Op 28 april en 11 mei 2006 heb ik me tot u gericht met het verzoek een discussie op gang te brengen over de positivistische onderzoeksmethode in het algemeen en die in de psychologie in het bijzonder. In uw brief van 3 juli 2006 heeft u me laten weten dat u op dat moment niet kon berichten of en, zo ja, op welke termijn u aandacht zou besteden aan de positivistische onderzoeksmethode.
In afwachting van verdere ontwikkelingen was uw brief van 3 juli voor een aantal mensen aanleiding om de discussie onder psychologen te voeren. Die heeft inmiddels onder het voorzitterschap van dr. A. Klukhuhn plaats gehad op de studiemiddag ‘Positivistische psychologie: geslaagd of mislukt?’ van 8 november. De sprekers waren prof.dr. W. van Hoorn, dr. M. Koornstra en ondergetekende. Er waren ongeveer 25 aanwezigen. Voorzover ik het kan overzien, waren daar nauwelijks of geen positivistische psychologen bij.
In de bijlagen I-III sluit ik de samenvattingen in chronologische volgorde bij (klikt u hier voor die samenvattingen). Bij die van mijn collegae plaats ik in bijlage IV de mijns inziens belangrijkste kanttekeningen (klikt u hier voor de notitie). Daarmee heb ik ook die delen van hun presentaties op 8 november, die relevant zijn voor de discussie over de positivistische psychologie, besproken, daar de inhoud van de samenvatting en die van de presentaties elkaar niet veel ontlopen.
Er is één uitzondering: de veelgebruikte tests met puntsschalen. Die worden besproken in het artikel ‘Puntsschalen, niet terecht toegepast’. Ik sluit het in aanvulling op ‘Het positivisme en zijn ongeldigheid’ van 28 april 2006 als bijlage V bij. De belangrijkste conclusie eruit luidt:

Veel psychologische tests hebben puntsschalen. Hun empirische houdbaarheid is echter niet aangetoond. Daarmee wordt de noodzakelijke stap tussen verklaringspoging en toepassing overgeslagen, wat niet terecht is en zelfs gevaarlijk kan zijn zoals wanneer ze gebruikt worden bij proefverlof of ontslag van TBS’ers.
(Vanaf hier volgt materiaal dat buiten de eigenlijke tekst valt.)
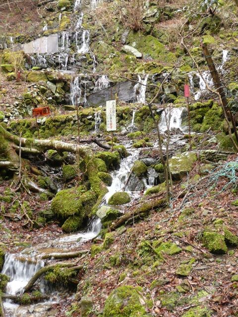 滝の脇には湧水が噴出しています。
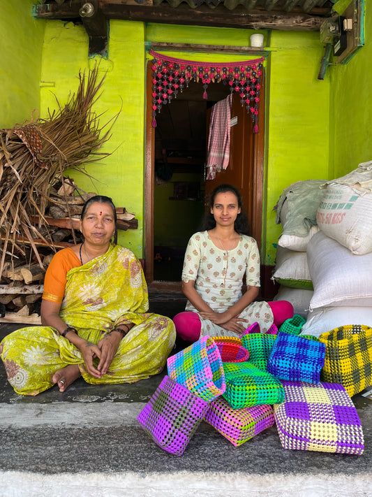 N°9S - SAC PANIER TRESSÉ MAIN - PETIT - rose foncé & violet
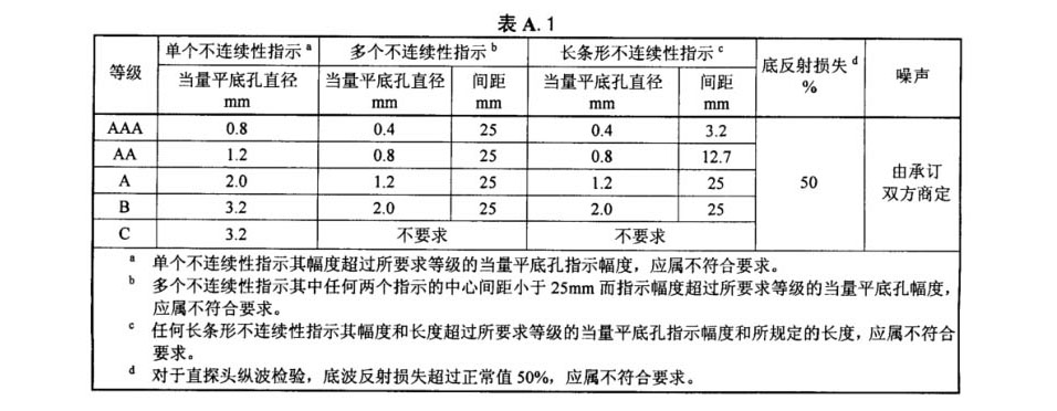 材料技術條件中,應按表A.1指明不同規格棒材的驗收等級及要求的噪聲。
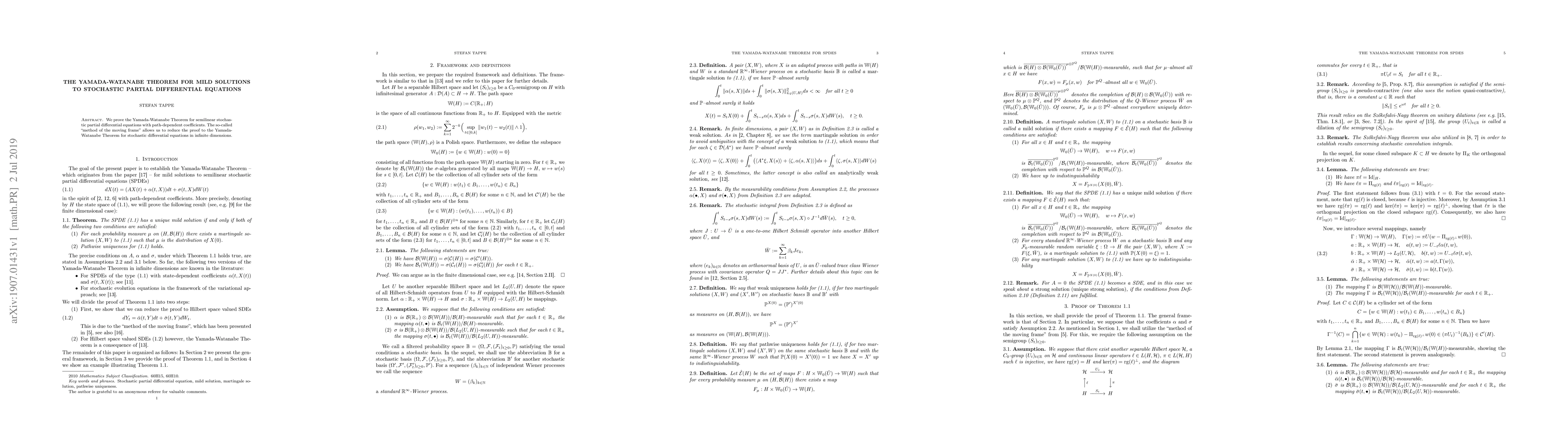 Summary: This paper proves the Yamada-Watanabe Theorem for semilinear stochastic partial differential equations with path-dependent coefficients using the method of the moving frame, which simplifies the proof by reducing it to the infinite-dimensional case of stochastic differential equations.
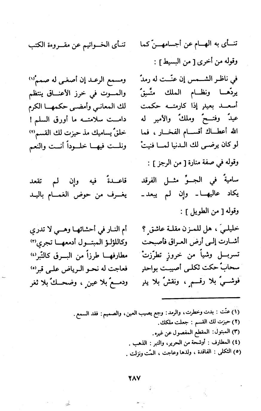 (تنأى بِهِ الْهَام عَن أجسامهن كَمَا ... تنأى الخواتيم عَن مقروءة الْكتب) // من الْبَسِيط //
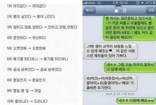 사진 속에는 스승과 제자가 주고 받은 문자 내용이 담겨 있다. 문자메시지에서 선생님께 안부 인사를 묻던 학생이 "네 그럼 오늘 마무리 잘하시고 담에 뵈요"라고 보내자 선생님은 "보(어간)+이(피동접사)+어(선어말어미)+요(종결어미)=봬요'가 올바른 표기란다"고 제자의 잘못된 맞춤법을 교정하고 있다.
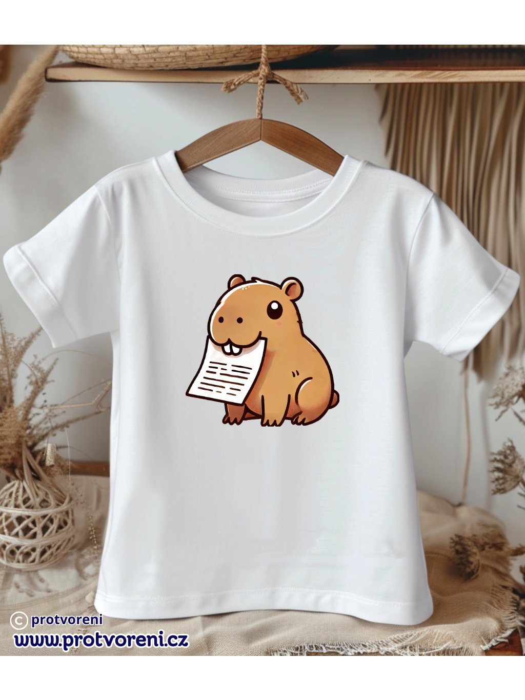 Tričko s potiskem, dětské, KAPYBARA s papírem, 1 ks
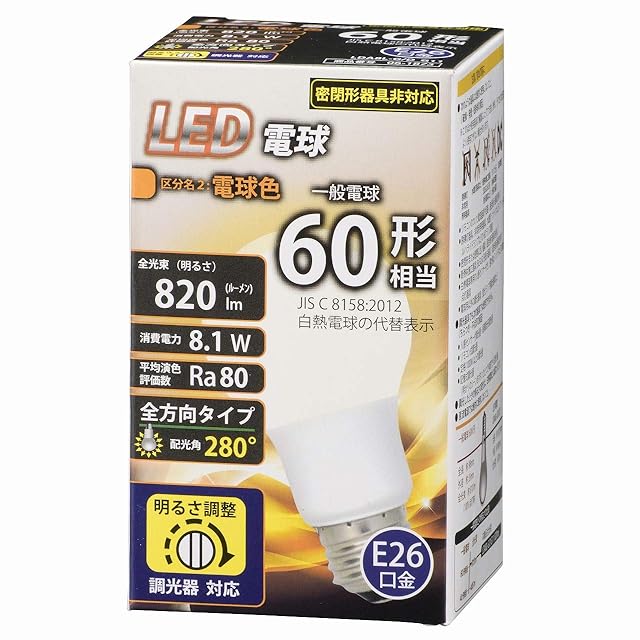 商品名:LED電球 E26 60形相当 全方向 調光器対応 電球色_LDA8L-G/D G11 06-1873

Het verdient daarom aanbeveling te bevorderen dat (i) het construeren van zulke tests niet meer aan de Nederlandse universiteiten wordt bedreven, en (ii) zulke tests niet meer worden toegepast, precies zoals dat met onvoldoende getoetste medicijnen en elektrische apparaten het geval is.

Hoewel het onderwerp strikt genomen buiten de studiemiddag viel, hecht ik er toch aan u te berichten dat er tussen de drie sprekers consensus is over het door Van Hoorn ingebrachte punt dat er aan de Nederlandse universiteiten te weinig aandacht is voor de theoretische psychologie en voor de Piagetiaanse psychologie.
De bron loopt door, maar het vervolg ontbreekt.